This would certainly work with P4, if you're willing to accept the
premise that "English translated from Slovenian" is a different
"language" from "English" per se. P4 makes no firm guarantees about the
values you use for language identification. This is not so in P5 however.
In P5 you'd have to do something like "x-EN-SL" to show that the whole
thing is "privately defined". Or maybe you could persuade the world's
characterset geeks that EN-s-ENSL was meaningful. See further discussion
at http://www.tei-c.org/P5/Guidelines/CH.html#CHSH
Tomaz Erjavec wrote:
> Hi,
> another track could be that the language ids are extended, and you
> have e.g. (taken from the http://nl.ijs.si/elan/ corpus):
>
> <language id="sl-en">Translation from Slovene to English</language>
> <language id="en-sl">Translation from English to Slovene</language>
> <language id="sl">Slovene</language> <!--SLAVIC-->
> <language id="en">English</language> <!--GERMANIC-->
>
> An objection would be that the processing software couldn't easily
> know that 'sl-en' is in fact 'en'; but if you add a corresp (sameAs?),
> e.g.
>
> <language id="sl-en" corresp="en">Translation from Slovene to English</language>
>
> then the complexity for processing an element marked with @lang
> is only a little greater:
>
> <xsl:if test="@lang=$lang or id(@lang)/@corresp=$lang">...</xsl:if>
>
> I didn't test the above, so I can only hope it actually works..
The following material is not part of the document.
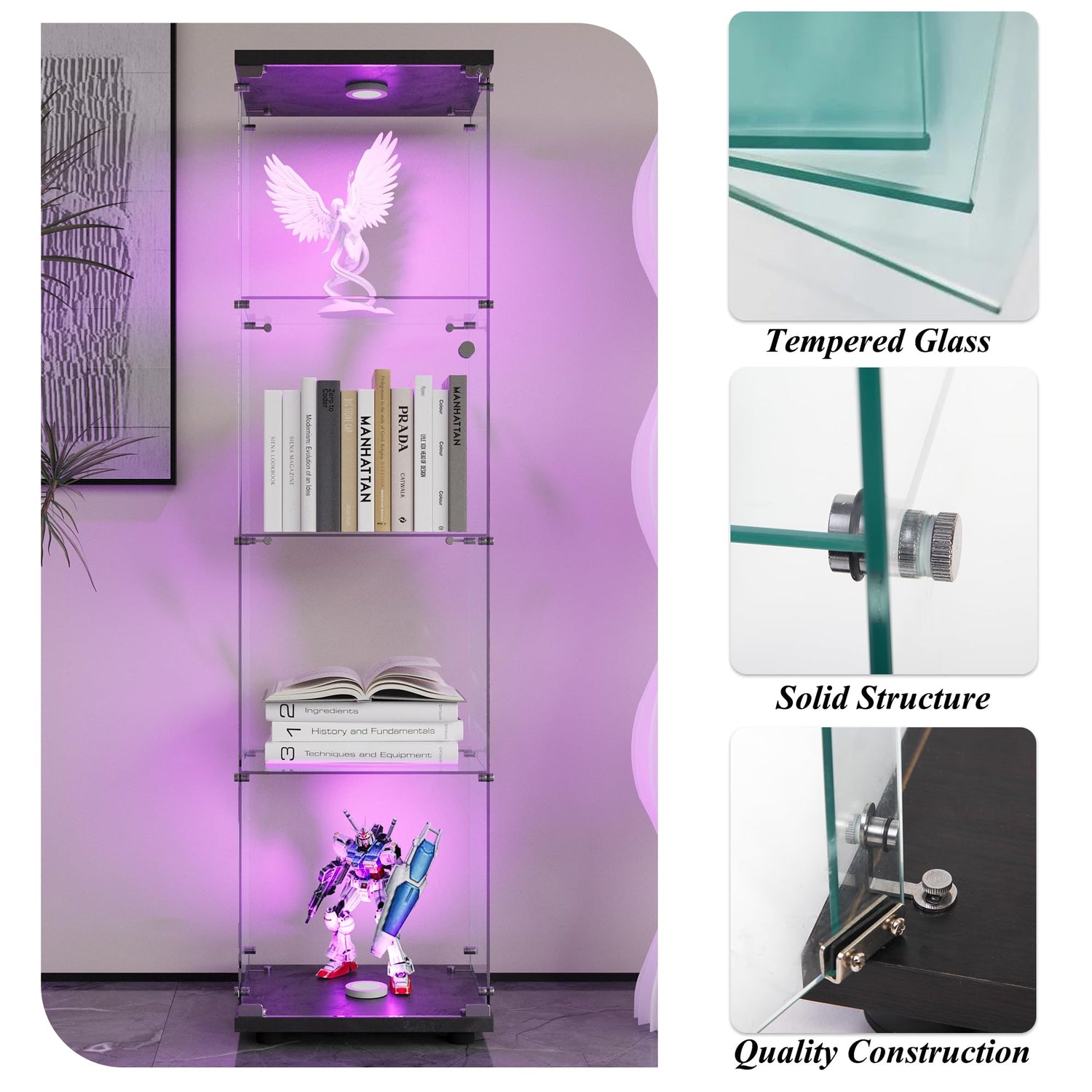 lunhung Glass Display Cabinet 4-Shelf with LED Lights and Lock,Curio Cabinets Upgraded Quick-Install Storage Cabinet,Glass Floor Standing Bookshelf for Bedroom,Living Room(Black)
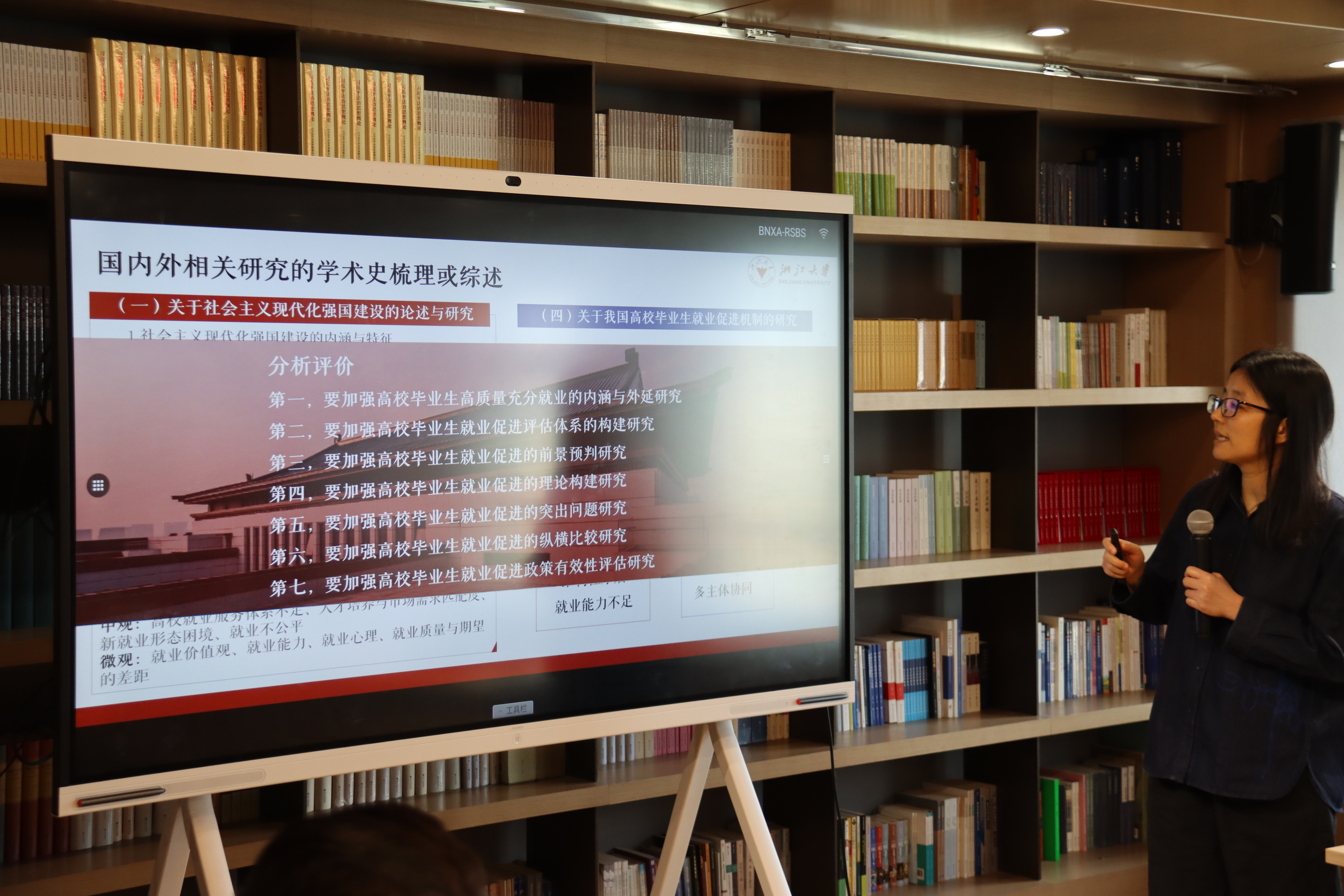 课题首席专家叶映华教授就课题研究状况与价值、总体框架与目标、研究思路与方法、重难点与创新点以及子课题具体内容五部分作开题报告。她表示在社会主义现代化强国建设背景下,我国高校毕业生就业促进机遇与挑战并存。通过对国内外相关研究的学术梳理明确课题研究方向与价值,厘清研究总体思路,阐述子课题构成及其逻辑,分析研究突破、创新和推进之处。

> Still, I can see the objection that this would break generic
> stylesheets that rely on the lang attribute indicating the actual
> language of the element.
>
> Best,
> Tomaz
>
>
> <
> Peter Flynn writes:
> > On Wed, 2006-01-04 at 15:36, Lou Burnard wrote:
> > > Peter Flynn wrote:
> > >
> > > >>I think the only way to do this cleanly with P4 would be to add a <note>
> > > >>to the <notesStmt> saying something like "Translated from the Spanish"
> > > >>or whatever.
> > > >
> > > >
> > > > In the P4 interim, though, I need a machine-identifiable location (eg
> > > > an element or an attribute) for the language code, to assist in the
> > > > machine collation of the corpus.
> > > >
> > >
> > > hmm... how about
> > >
> > > <note>Translated from the <name xml:lang="es">español</name></note>
> >
> > That would certainly do it, although it's already clear from other text
> > that it's a translation. I just need something like source="es".
> >
> > ///Peter
>
>
|